Failure mode to watch – mixing overload brands
If you pair a Siemens contactor with a Schneider overload (or vice versa), the fault‑clearing coordination is not guaranteed by either manufacturer. The real watts that the contactor must interrupt can exceed its tested breaking capacity. In a bolted fault, the contactor may weld, and the overload may not trip fast enough, leading to a fire or equipment damage. Always use the manufacturer‑recommended overload for the contactor – this is not a “compatibility” issue, it’s a type‑2 coordination requirement.
Rule‑of‑thumb threshold
For motor sizes ≤7.5 kW (400 V), both brands deliver identical real watts per ampere; choose by panel width preference. For 11–18.5 kW, Siemens SIRIUS packs more kW per millimetre (≈22 % denser), making it the choice for space‑constrained panels. If you need a contactor that stays closed through voltage sags, Siemens’ lower dropout gives priority to process continuity; if you want a clean drop to protect downstream equipment, Schneider’s higher dropout is safer. The difference in coil power is negligible except in panels with >100 contactors. Measure your real watts by the load’s AC‑3 rating, not by the contactor’s AC‑1 amp stamp – and never mix overload brands.

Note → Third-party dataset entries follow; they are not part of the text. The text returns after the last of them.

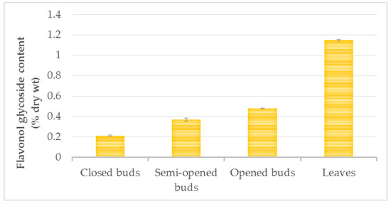 The amount of total flavonoids increased from the closed-bud stage (0.21 ± 0.01% dry wt) and the semi-open bud stage (0.37 ± 0.03% dry wt) to the opened-bud stage (0.48 ± 0.03% dry wt), with the greatest difference observed between the closed buds and the opened buds (Figure 5). The flavonol variations may be explained by the presence of scales that fully enclosed the closed buds, whereas the scales remained only at the base of the developed buds.
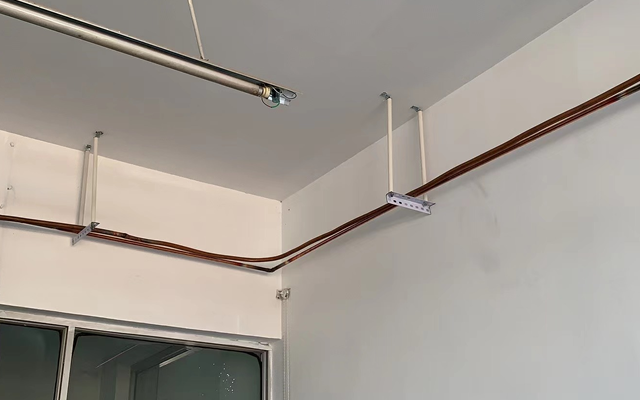 第二步:病房氧气管道的铺设,这一步可分为两种方式:一种为明管,是指病房氧气管道进入病房后吊顶与设备带之间的部分管道用铝合金扣槽装饰。另一种是吊顶与设备带之间的部分墙上开槽,预埋暗管。
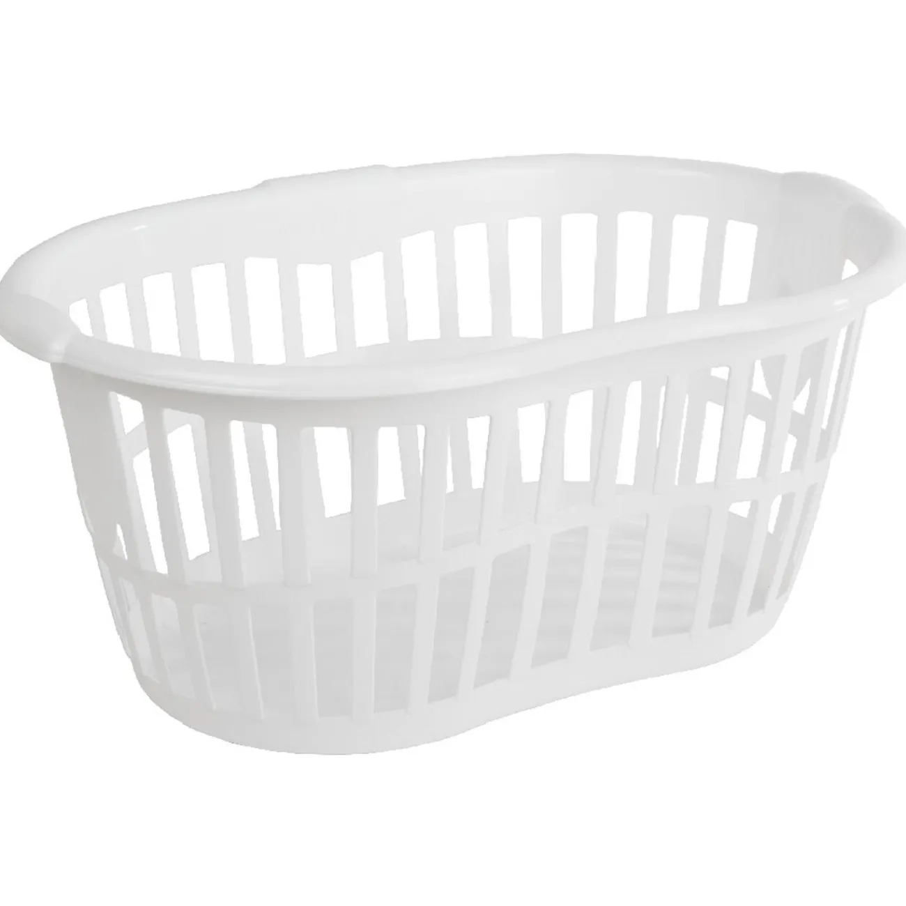 Idéal pour transporter votre linge, ce panier à linge ovale et blanc d’une contenance de 30 litres, est moins encombrant grâce à sa forme incurvée qui épouse les formes du corps.
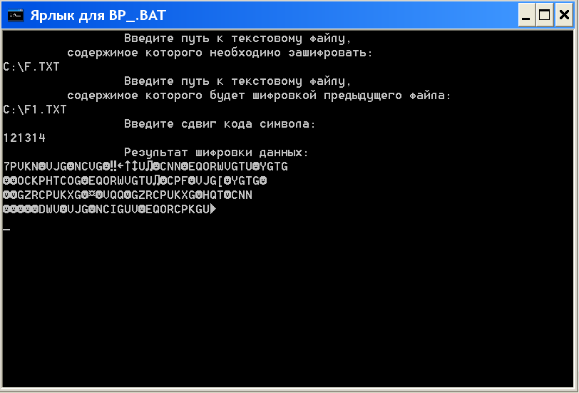 В строкову змінну (s) заноситься інформація файла, який шифрується, а потім ASCII код кожного символу цієї строкової змінної зміщується в сторону зростання на величину ключа коду (sdvig). Потім в іншу строкову змінну (ss) заносяться всі кодовані символи і ця змінна записується до файлу, який має містити шифрований текст.

Topology/standards per the cited standards; all product ratings are manufacturer-stated values from the cited datasheets, current to 2026-06; derived/illustrative figures are labelled as such. This is not an independent head-to-head test. Siemens is a brand affiliated with this site; competitor names are used for identification only.